« Là encore se tapira Lilith, elle trouvera le repos ». Ainsi présente la Bible de Jérusalem la première femme d’Adam, figure démoniaque car créée par de l’argile et non d’une côte de son époux comme Eve. Pour les féministes, c’est aussi une femme libre. Margaux Pastor a choisi d’utiliser ce pseudonyme pour présenter son oeuvre photographique du boudoir. Rencontre.
– Qui étais-tu avant d’être photographe?
J’adorais dessiner, écrire, être spectatrice au théâtre, à l’opéra,… mais une carrière artistique ne me semblait pas un métier d’avenir. Cela m’était souvent présenté comme une voie de garage. Je mettais donc mes rêves de côté.
Après des études à Sciences po spécialité Union européenne, j’ai mis du temps à trouver ma voie. Je n’étais pas passionnée par mon cursus mais cela m’a appris à structurer ma pensée. A la fin de mes études, je n’arrivais pas à trouver d’emploi, je suis arrivée à Paris avec pour seules ressources le RSA. Pendant des mois, je ne savais plus quoi faire de ma vie. J’ai
enchaîné les petits boulots mais moralement j’étais au plus bas. Fin 2013, j’ai gagné un concours de photo. Une petite bonne nouvelle! Mon compagnon et ma mère m’ont alors encouragée à approfondir dans ce domaine. Ils m’ont offert un appareil photo et des cours. Mes professeurs aimaient mon travail. Avec le statut d’auto entrepreneure, j’ai décidé de me lancer. Je ne connaissais personne, j’ai crée mon propre site internet, un book tout en militant dans le milieu féministe. J’ai notamment réalisé une série de photos sur les 40 ans de l’IVG. Motivé, on peut faire beaucoup de choses et la photographie m’a sauvée. Je travaille essentiellement pour des mariages ou des portraits. Même si certaines femmes me payent, je fais surtout des photos boudoir pour le plaisir.
– Quel appareil photo tu utilises principalement?
Nikon D750 avec des objectifs tels que du 50 mm, 300 mm, 35 mm. Je retouche très peu les photos.
– Pourquoi avoir choisi le nom de Lilith?
C’est un choix feministe. Lilith est le personnage le plus intéressant, celle qui n’a pas voulu se soumettre. Je ne la vois pas comme démoniaque mais comme le symbole de la femme qui s’assume.
– Qu’apporte selon toi la photographique érotique féminin? Le bain, la douche, les tatouages reviennent souvent dans ton travail. Le sujet principal est-il l’intimité?

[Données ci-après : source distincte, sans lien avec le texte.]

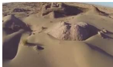
Oqchaxon qal'a. Tadqiqotdan oldingi ko'rinishi.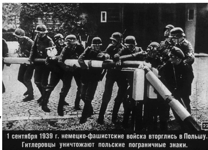
1 сентября 1939 г. немецко-фашистские войска вторглись в Польшу. Гитлеровцы уничтожают польские пограничные знаки.

Получив надежный тыл, Германия начала активную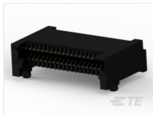
TE 产品编号 2110819-1 QSFP+ Enh EVERCLEAR PT Conn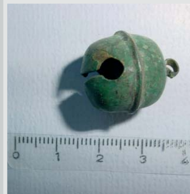
A DESTRA: TINTINNABOLO IN BRONZO, IN USO DAL XIII AL XIV-XV SECOLO (SMALL).

Fu dunque questa la ragione del massiccio attacco descritto in apertura? Possibile, ma probabilmente non lo sapremo mai con certezza. L'archeologia conosce anche dei limiti ben precisi. Ad ogni modo, ogni dettaglio, ogni nuovo elemento permette di addentrarci sempre piú in questo mondo affascinante, assai piú complesso di quanto si potesse immaginare. È dunque una scommessa già vinta in partenza affermare che sia solo questione di tempo prima che il sito di Tremona ci riservi la prossima sorpresa. ▲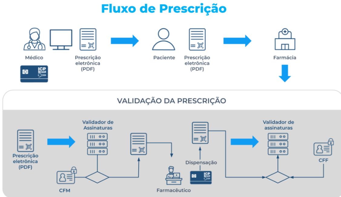
Imagem 3. Fluxo de Prescrição Eletrônica (ITI)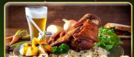
พิเศษ! ลิ้มลองเมนูประจำชาติ ถึง 5 ประเทศ!!!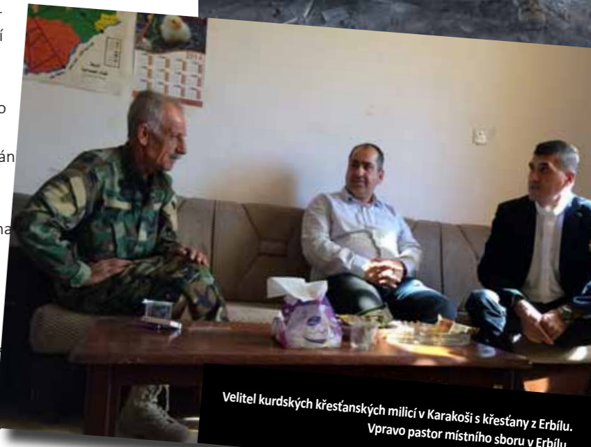
Velitel kurdských křesťanských milic v Karakoši s křesťany z Erbilu. Vpravo pastor místního sboru v Erbilu.

upřímnou touhu po duchovní obnově a hledání Božího království v tomto čase, kdy museli opustit svůj domov a zachránit si holý život. Nezapomínejme také, že křesťanství v této části světa má mnohem hlubší kořeny než například u nás. ■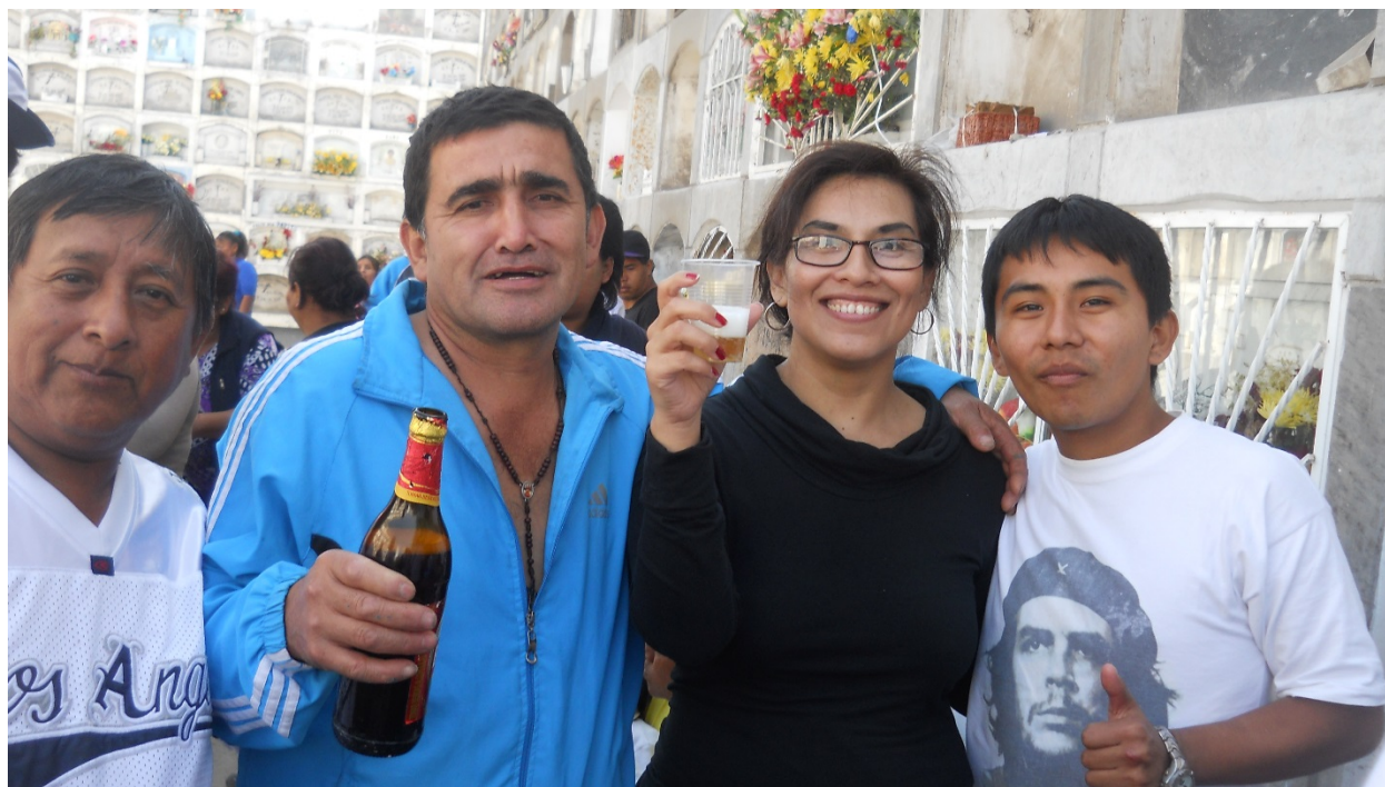
Un momento de celebración junto al pueblo “chacalonero”. Brindando por Papá Chacalón.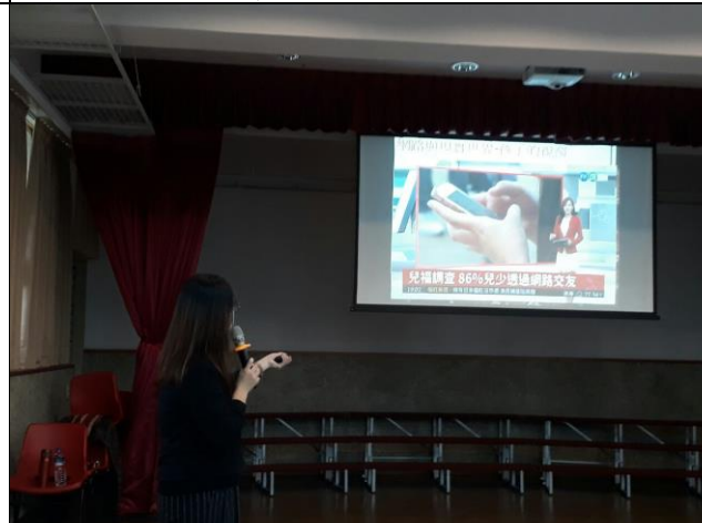
◆家庭是教導孩子正確感情價值觀最黃金時期。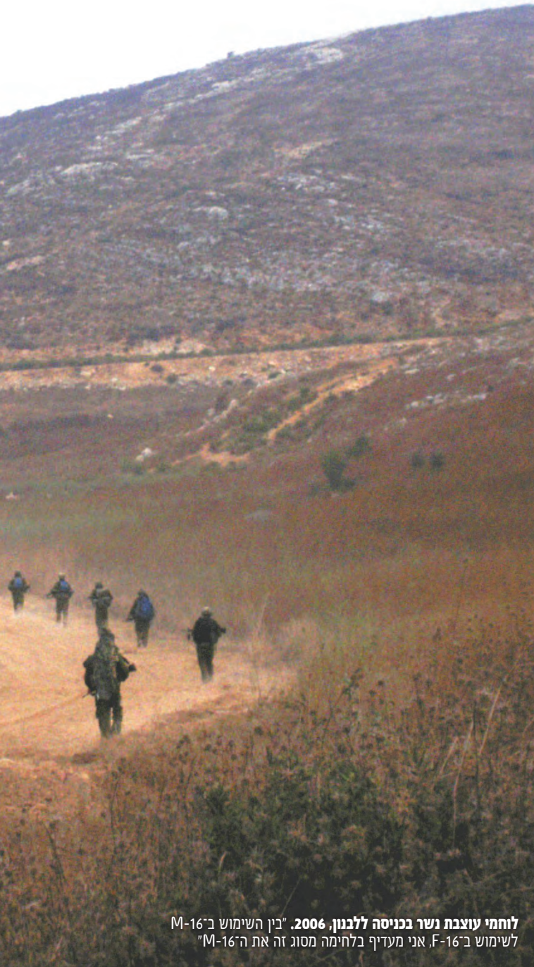
לוחמי עוצבת נשר בכניסה ללבנון, 2006. בין השימוש ב-M-16 לשימוש ב-F-16, אני מעדיף בלחימה מסוג זה את ה-M-16

באמצע שנות ה-80 של המאה ה-20, בעיצומה של לחימת הסובייטים באפגניסטאן, שאל עצמו ההוגה הבריטי בריגדיר ריצ'רד סימפקיין את השאלה: מדוע כוחות מהפכניים מנצחים צבאות סדירים? סימפקיין הגדיר את שתי הצורות החשובות ביותר של המלחמה היבשתית המודרנית: מלחמת התמרון והמלחמה המהפכנית. במלחמה של ישראל נגד חזבאללה ביבשה באו שתיהן לידי ביטוי. כך גם במלחמה באפגניסטאן שהתרחשה בשנות ה-80 בזמן שסימפקיין כתב את ספרו, 2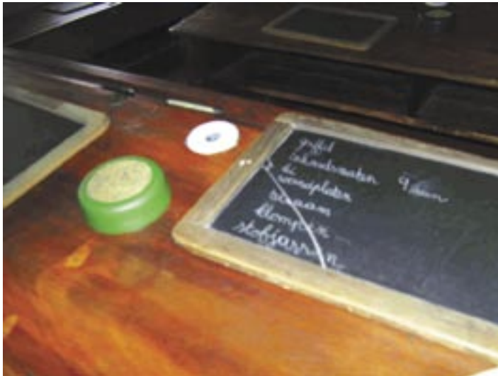
Schrijven op de lei

Vooraf voor oefeningen die niet bewaard hoefden te worden, werden nog steeds lei en griffel gebruikt. Om de lei schoon te maken gebruikten de leerlingen een spons. Met een zeempje maakten ze de lei weer droog. Spons en zeem zaten in een sponzendoosje. Bij het klassikaal lesgeven maakte de onderwijzer gebruik van het zwarte schoolbord, dat voor het eerst in de scholen verscheen.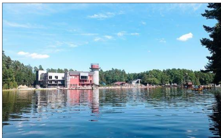
Osrodek w Chotowej widziany z rowerka wodnego.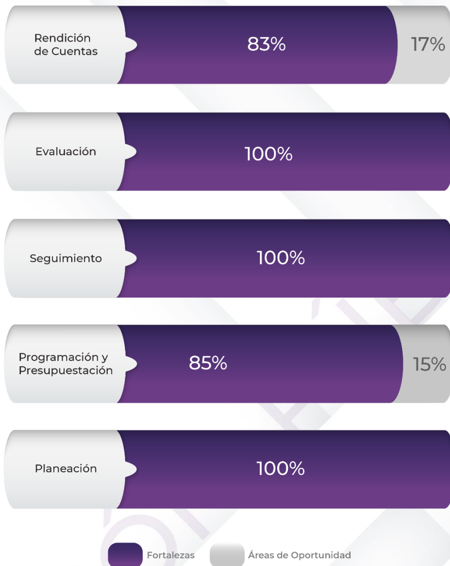
Gráfico 1. Resultados de los procedimientos generales relacionados al ciclo presupuestario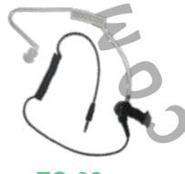
ES-02 Tubo acústico con conector 3.5 mm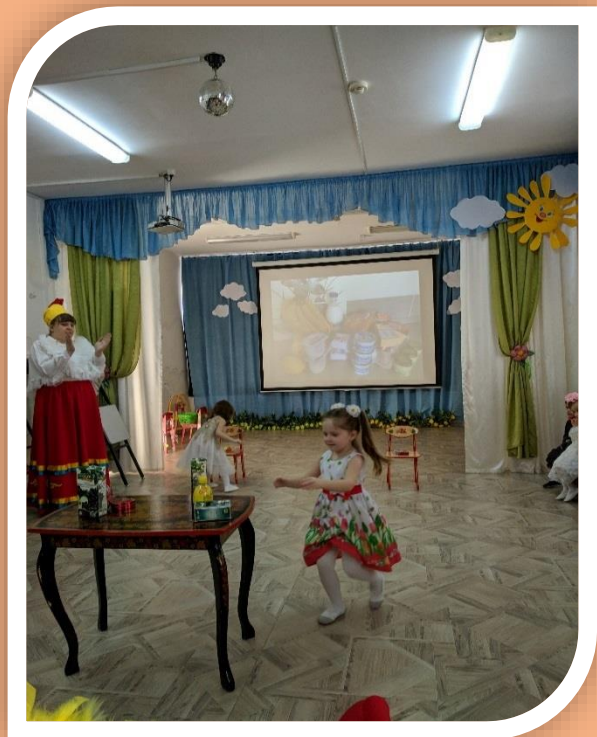
Игра «Мамины помощники»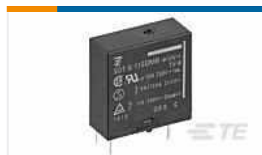
TE Teilnr.:8-1419125-5 SDT-S-106LMR,000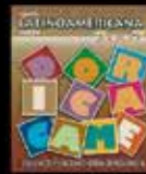
Exigimos y hacemos otra Democracia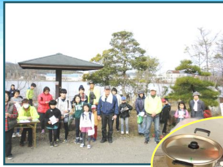
大沢田公園の登山出発前風景

下山後は、ぜんざいと空くじなしの抽選会。フライパンを当てたお父さんやビールを当てた小さな子供のちょっと残念そうな顔が、笑いを誘う楽しいひと時となりました。

Oui. Ce genre photographique vient des Etats-Unis et est appelé l’Intimate lifestyle. C’est simple et non vulgaire.
J’aime les personnes qui arrivent à exprimer leurs émotions (regards, rires). Je n’aime pas la pose et tente de capturer le naturel. Avant chaque session, j’ai de longues conversations avec mon modèle, je suis toujours claire et je ne les trahis pas.
J’ai une amie qui était boulimique/anorexique. Le tatouage lui a permis de s’embellir, de se réapproprier son corps. Il est une volonté, un choix, un geste libre.
Le corps s’exprime et j’aime ses beautés. Mes modèles veulent avant-tout ces photos pour elles et seulement pour elles.
– Comment choisis-tu tes modèles?
Je suis d’un milieu assez pudique donc je recherche des volontaires sur les réseaux sociaux. J’ai aussi des amies féministes. J’explique la mise en scène, elles savent que c’est parfois du nu ou de la lingerie.
– Ton actualité? Des projets?
Je me concentre davantage sur le travail qui me fait vivre : la photographie de mariage. J’ai commencé également un projet qui me tient à cœur : l’Euro Feministour. Je voyage en Europe à la rencontre des féministes. J’ai déjà été en Grande-Bretagne (où j’ai été invitée à parler de mon travail au lycée français de Londres), en Italie et en Grèce. Je souhaite partir prochainement en Espagne.
Je pense aussi réaliser un tryptique en lien avec les tableaux du Caravage. Je veux les lier avec une certaine modernité et parler des inégalités femmes/hommes. La lumière m’inspire.
– Un conseil pour ceux qui souhaiteraient se lancer dans la photographie?
Ne jamais rien lâcher. J’ai tout fait toute seule. Il est très difficile de se faire connaître. Je suis impatiente, ce qui est source d’angoisse dans ce métier où tu apprends tous les jours. Il faut arriver à tenir lorsqu’il n’y a plus de demandes. L’organisation permet de mieux gérer son stress.